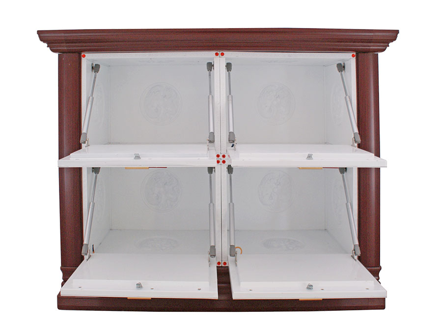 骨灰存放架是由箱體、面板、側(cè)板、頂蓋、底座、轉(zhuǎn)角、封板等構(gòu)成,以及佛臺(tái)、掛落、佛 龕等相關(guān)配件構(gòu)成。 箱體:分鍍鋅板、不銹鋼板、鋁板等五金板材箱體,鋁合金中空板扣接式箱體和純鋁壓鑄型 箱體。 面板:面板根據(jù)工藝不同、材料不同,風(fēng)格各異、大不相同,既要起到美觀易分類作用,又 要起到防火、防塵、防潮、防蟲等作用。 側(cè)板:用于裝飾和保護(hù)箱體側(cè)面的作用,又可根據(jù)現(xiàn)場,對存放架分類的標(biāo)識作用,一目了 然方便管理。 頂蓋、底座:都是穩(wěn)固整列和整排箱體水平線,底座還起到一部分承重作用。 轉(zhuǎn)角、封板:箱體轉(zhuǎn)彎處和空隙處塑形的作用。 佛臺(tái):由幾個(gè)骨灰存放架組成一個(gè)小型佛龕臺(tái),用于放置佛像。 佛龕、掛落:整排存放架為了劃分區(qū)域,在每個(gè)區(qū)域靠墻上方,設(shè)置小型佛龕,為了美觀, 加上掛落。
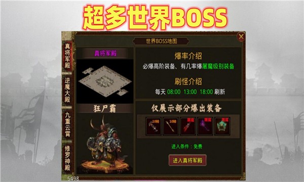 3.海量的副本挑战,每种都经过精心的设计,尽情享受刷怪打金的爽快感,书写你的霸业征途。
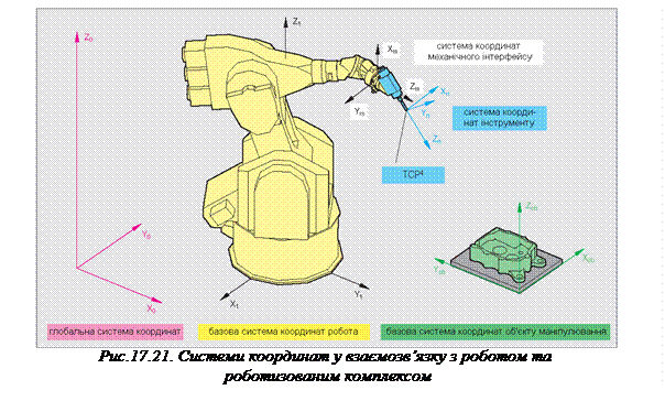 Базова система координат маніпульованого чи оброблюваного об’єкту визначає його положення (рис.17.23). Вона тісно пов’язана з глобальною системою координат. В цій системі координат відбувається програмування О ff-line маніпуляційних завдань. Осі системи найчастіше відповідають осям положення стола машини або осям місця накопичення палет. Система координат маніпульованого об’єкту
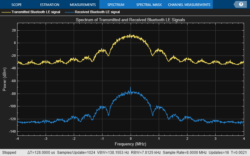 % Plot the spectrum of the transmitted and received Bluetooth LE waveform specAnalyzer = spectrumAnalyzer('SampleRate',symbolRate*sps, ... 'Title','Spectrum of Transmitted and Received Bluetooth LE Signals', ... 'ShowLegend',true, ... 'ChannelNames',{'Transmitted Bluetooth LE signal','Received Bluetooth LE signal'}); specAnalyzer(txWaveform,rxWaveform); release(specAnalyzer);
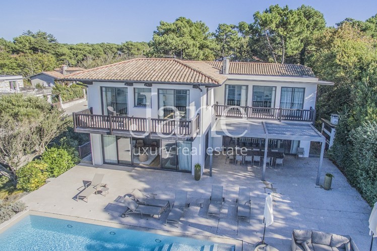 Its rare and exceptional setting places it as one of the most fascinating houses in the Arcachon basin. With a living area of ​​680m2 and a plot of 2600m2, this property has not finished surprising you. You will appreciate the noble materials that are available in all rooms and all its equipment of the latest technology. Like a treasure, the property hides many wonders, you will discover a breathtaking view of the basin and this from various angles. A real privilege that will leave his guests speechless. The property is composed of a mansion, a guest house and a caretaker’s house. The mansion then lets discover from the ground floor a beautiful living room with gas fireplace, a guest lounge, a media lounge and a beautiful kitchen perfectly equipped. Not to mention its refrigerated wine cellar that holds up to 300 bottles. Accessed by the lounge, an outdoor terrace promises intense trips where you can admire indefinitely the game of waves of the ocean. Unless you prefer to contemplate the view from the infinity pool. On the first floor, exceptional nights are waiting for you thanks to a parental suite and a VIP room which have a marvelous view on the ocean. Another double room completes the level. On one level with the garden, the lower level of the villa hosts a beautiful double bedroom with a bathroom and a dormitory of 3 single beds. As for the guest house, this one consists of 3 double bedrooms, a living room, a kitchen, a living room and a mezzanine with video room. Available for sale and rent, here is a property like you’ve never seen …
□ □ □ □ □
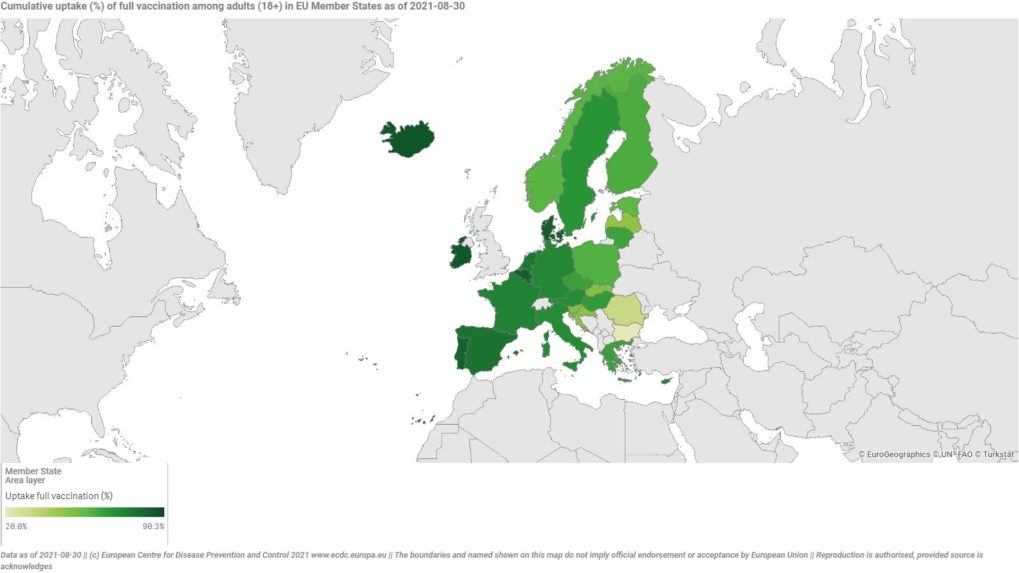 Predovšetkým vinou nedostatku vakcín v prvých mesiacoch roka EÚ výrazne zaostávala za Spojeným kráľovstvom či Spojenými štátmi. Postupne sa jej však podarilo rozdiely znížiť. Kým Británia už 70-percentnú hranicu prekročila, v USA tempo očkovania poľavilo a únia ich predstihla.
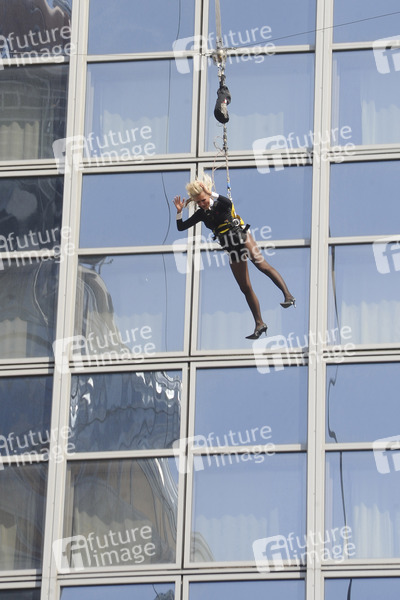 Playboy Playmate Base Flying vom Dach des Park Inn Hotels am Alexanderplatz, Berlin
□ □ □ □ □
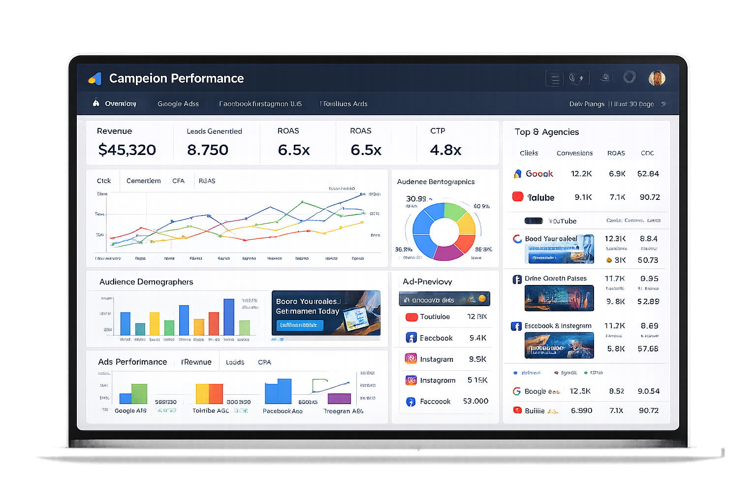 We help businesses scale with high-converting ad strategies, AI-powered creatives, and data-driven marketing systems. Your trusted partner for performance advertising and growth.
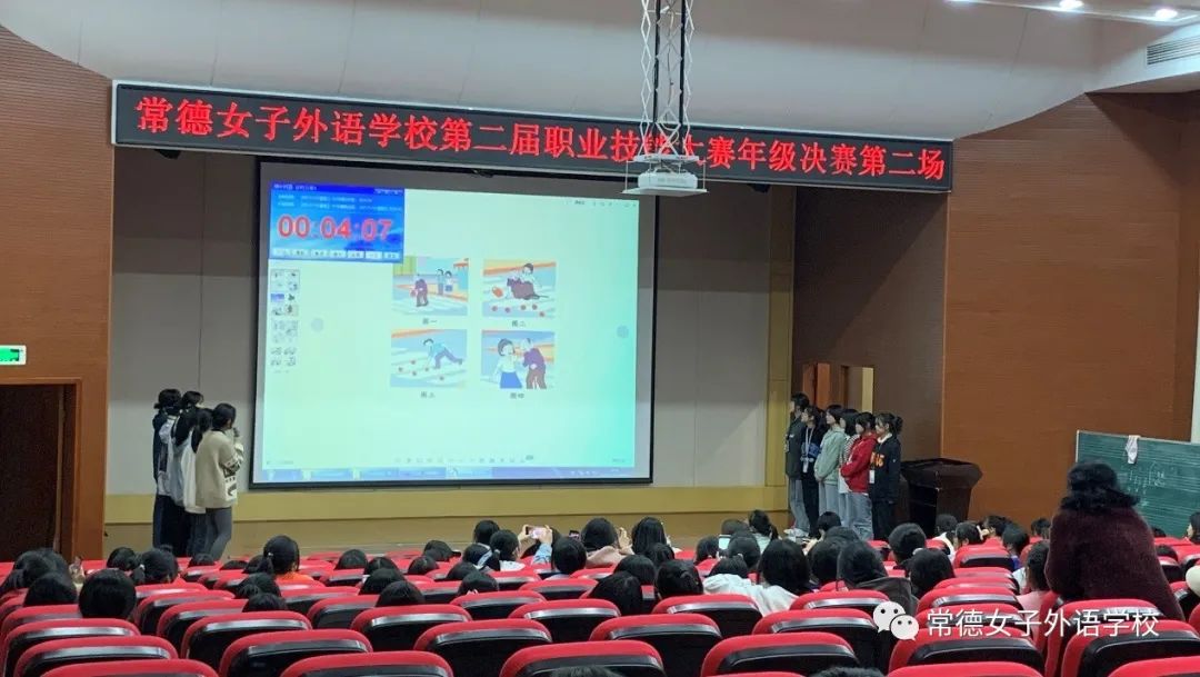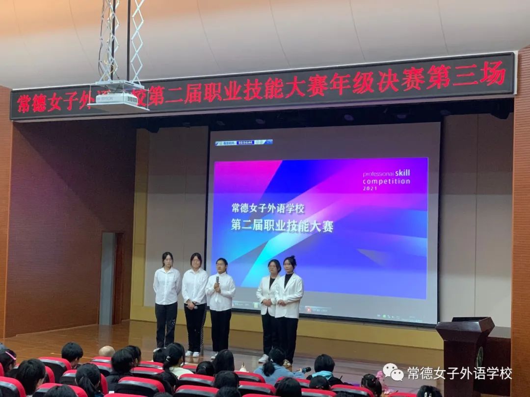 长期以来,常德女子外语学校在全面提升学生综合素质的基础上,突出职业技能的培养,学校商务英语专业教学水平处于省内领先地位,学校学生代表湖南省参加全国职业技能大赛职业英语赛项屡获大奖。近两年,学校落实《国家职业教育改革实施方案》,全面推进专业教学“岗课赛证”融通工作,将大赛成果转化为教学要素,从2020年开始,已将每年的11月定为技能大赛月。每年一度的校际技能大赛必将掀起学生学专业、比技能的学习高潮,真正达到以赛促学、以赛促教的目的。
□ □ □ □ □
WORK TO COMPLETE
Return the stretch of data that begins with the line showing "Базова система координат" and goes on through the line showing "Plot the spectrum", exactly, with pictures removed.

RESULT FOR THIS EXERCISE
 Базова система координат маніпульованого чи оброблюваного об’єкту визначає його положення (рис.17.23). Вона тісно пов’язана з глобальною системою координат. В цій системі координат відбувається програмування О ff-line маніпуляційних завдань. Осі системи найчастіше відповідають осям положення стола машини або осям місця накопичення палет. Система координат маніпульованого об’єкту
 % Plot the spectrum of the transmitted and received Bluetooth LE waveform specAnalyzer = spectrumAnalyzer('SampleRate',symbolRate*sps, ... 'Title','Spectrum of Transmitted and Received Bluetooth LE Signals', ... 'ShowLegend',true, ... 'ChannelNames',{'Transmitted Bluetooth LE signal','Received Bluetooth LE signal'}); specAnalyzer(txWaveform,rxWaveform); release(specAnalyzer);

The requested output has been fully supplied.